The Bill provides a cash saving for exactly the types of business that the right hon. Member talks about. We all understand the importance of pubs to our towns, villages and estates, not just as businesses in the economy but as places for the community to convene, to meet and to build relationships and networks. That is exactly why the measures are being brought in, and in a permanent way, because pubs needs certainty. They know the rising costs of supplies, carbon dioxide and energy have put significant pressure on pub operations, and these measures provide long-term stability that bakes in the support the Government can offer into the system.
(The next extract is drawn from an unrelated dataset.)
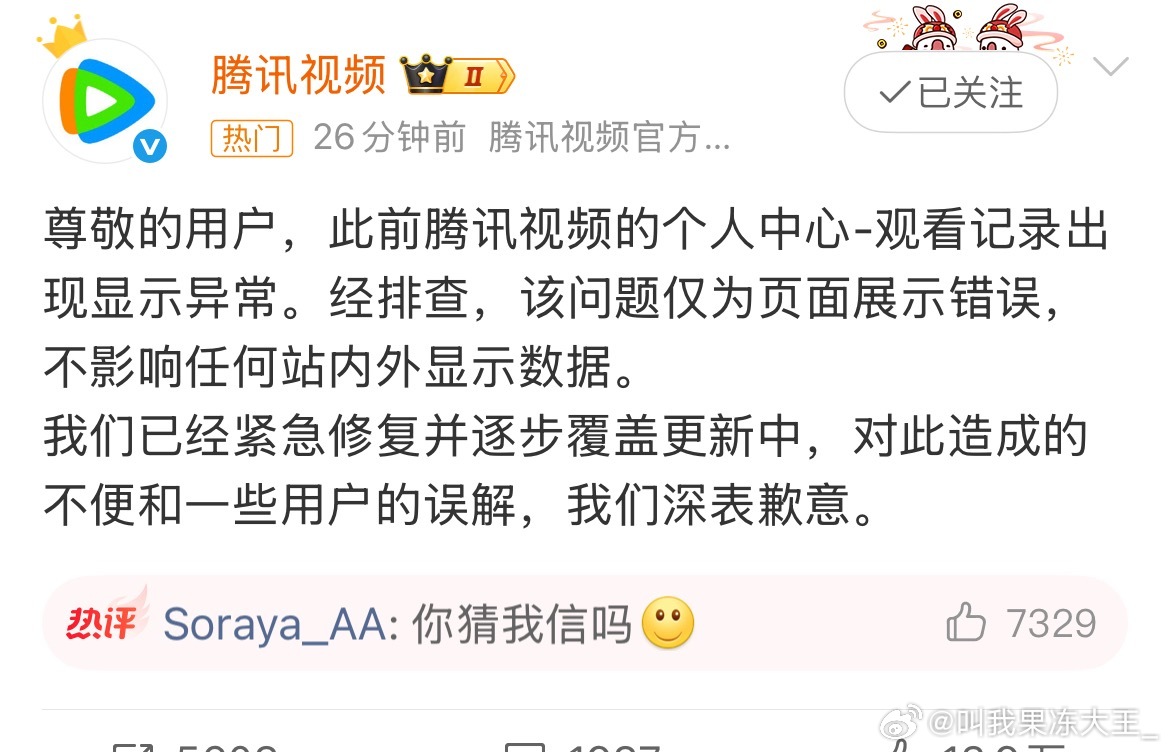 腾讯视频回应播放异常
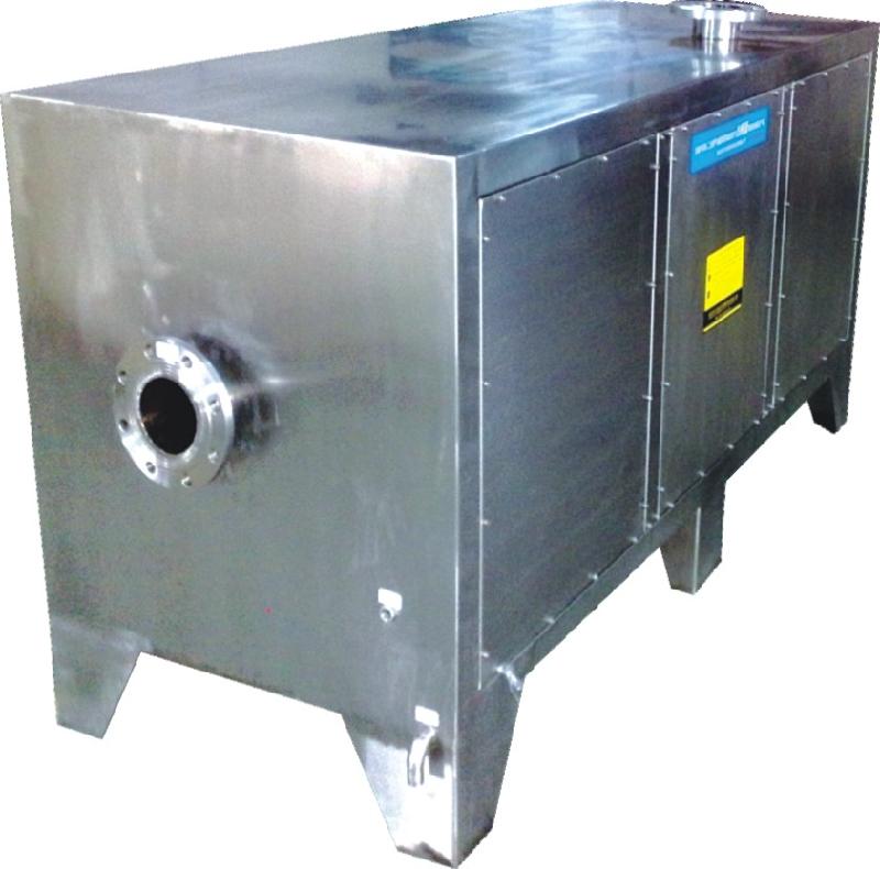 高效光解氧化处理模块利用高能高臭氧UV紫外线光束照射恶臭气体,裂解恶臭气体中氨、三甲胺、硫化氢、甲硫氢、甲硫醇、甲硫醚、二甲二硫、二硫化碳和苯乙烯,硫化物 H2S、VOC类,苯、甲苯、二甲苯的分子键,使呈游离状态的污染物分子与臭氧氧化结合成小分子无害或低害的化合物,如 CO2、H2O 等。

Many pubs will be free houses and they will be independent. However, a number of pubs will be part of a brewery chain with managers in place. The measures take away the cash cap of £110,000 per business, allowing, for the first time, multiple operators to benefit. That will benefit pub chains, as well as high street stores, such as Home Bargains, Boots and other retailers. Those businesses draw in footfall, which then supports independent retailers as well. The proposals are rounded and provide long-term stability that is properly funded in a responsible way. On that basis, the Government oppose the Lords amendments as laid out.
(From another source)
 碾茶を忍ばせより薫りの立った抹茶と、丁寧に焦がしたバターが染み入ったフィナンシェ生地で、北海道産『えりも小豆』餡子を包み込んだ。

Lord’s amendments 3, 4, 9 and 10 are concerned with bringing manufacturing properties into scope of the lower multiplier. If we widen the scope of the lower multipliers in that way, it will dilute the support available to RHL properties or jeopardise the ability of the Government to sustainably fund the lower multipliers. We need to be clear that this is not a wide-ranging offer, but targeted deliberately at supporting our communities, high streets and town centres. That is why the Bill focuses on RHL support. The Government are supporting the manufacturing sector through other means. For those reasons, I urge the House to oppose the amendments.
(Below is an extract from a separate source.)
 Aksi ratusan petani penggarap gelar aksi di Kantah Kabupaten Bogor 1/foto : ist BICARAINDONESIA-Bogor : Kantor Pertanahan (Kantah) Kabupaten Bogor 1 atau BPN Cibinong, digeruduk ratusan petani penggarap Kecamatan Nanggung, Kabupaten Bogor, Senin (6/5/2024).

Lord’s amendments 13 and 16 require the Government to undertake a review of how the provisions to introduce new multipliers may affect businesses whose rateable value is close to the £500,000 threshold for the higher multiplier. The review would need to be put before Parliament three months prior to 1 April 2026 in order for clauses 1 to 4 of this Bill to come into effect. These amendments probe around the way the multipliers in the business rates system currently operate. Those hereditaments on the standard multiplier, or in the future on the higher multipliers, pay rates on that multiplier calculated on all of their rateable value, and not just the rateable value above the threshold. That, of course, generates cliff edges in the rates bills for hereditaments as they move between thresholds, and we acknowledge the presence of those cliff edges—it is a matter of fact.